Пока происходило все это, время для решительной встречи с неприятельской эскадрой было упущено.
22 мая, когда отряд Спиридова достиг места, указанного Эльфинстоном в донесении, адмирал увидел малоприятную картину: стоящие неподвижно, будто приклеенные к водной глади из-за отсутствия ветра, корабли отряда Эльфинстона и вдали — суда вражеской эскадры, буксируемые гребными галерами к выходу из залива.

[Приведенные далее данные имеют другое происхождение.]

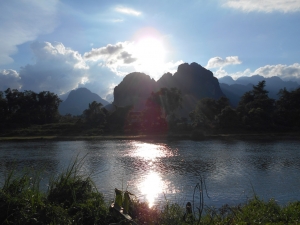 メコン川沿いに開けたヴィエンチャンから車で主要幹線道13号線の平地を走ること約1時間半、突然山が立ちはだかり、そこからヴァンビエンまでヘアーピン・カーブを上下に繰り返しながら3時間近く走ってヴァンビエンの町に入る。 途中には鄙びた感じの村も次々と現れて山奥を走っている感じは薄い。また、途中には日本のODAで建設されたラオスの自然環境破壊の元凶といわれるナムグム・ダム水力発電所も別の道をたどって行け、こちらはダム湖に遊覧船などが運航していて、ヴィエンチャンから日帰りで行ける格好の観光地となっている。...

Противник опять не принимал боя, а дальняя позиция, заблаговременно избранная храбрым в первый момент, но потом переосторожничавшим Эльфинстоном, позволяла турецкой эскадре покидать залив беспрепятственно, вне зоны обстрела. И тщетно в последующие дни русские корабли дважды пытались догнать и атаковать противника: турецкие суда оба раза уклонились от решительной схватки, использовав преимущество в скорости хода. Вероятнее всего, дело было не в том, что неприятельский флагман опасался встречи (хотя уже существовала версия, что он якобы сперва принял отряд Эльфинстона за авангард русского флота), а в хитроумном маневре, целью которого являлось желание заманить русские корабли как можно дальше в незнакомый лабиринт Архипелага.
Следовало предвидеть это.
И стоит ли удивляться, что первое же свидание Спиридова с Эльфинстоном оказалось далеко не сердечным. Старший флагман без обиняков, с присущей ему прямотой, высказал младшему все, что думал о его поведении, позволившем противнику ускользнуть от необходимости принять бой, а Эльфинстон ответил на выговор с надменностью, вообще свойственной его характеру. Он считал себя вполне самостоятельным и в доказательство ссылался на рескрипт императрицы, врученный ему перед отплытием из Кронштадта, как в свое время был вручен такой же рескрипт Спиридову. Разговор о рескриптах мог примирить обоих флагманов, ибо выяснил, что императрица обманула и того и другого, посулив каждому самостоятельность, а на самом деле подчинив фавориту. Однако Эльфинстон принадлежал к малосговорчивым, неприятным в общежитии натурам и отнесся к старшему флагману с высокомерием, вызванным переоценкой своих качеств моряка и недооценкой их в людях флота, в который был принят исключительно по желанию Екатерины.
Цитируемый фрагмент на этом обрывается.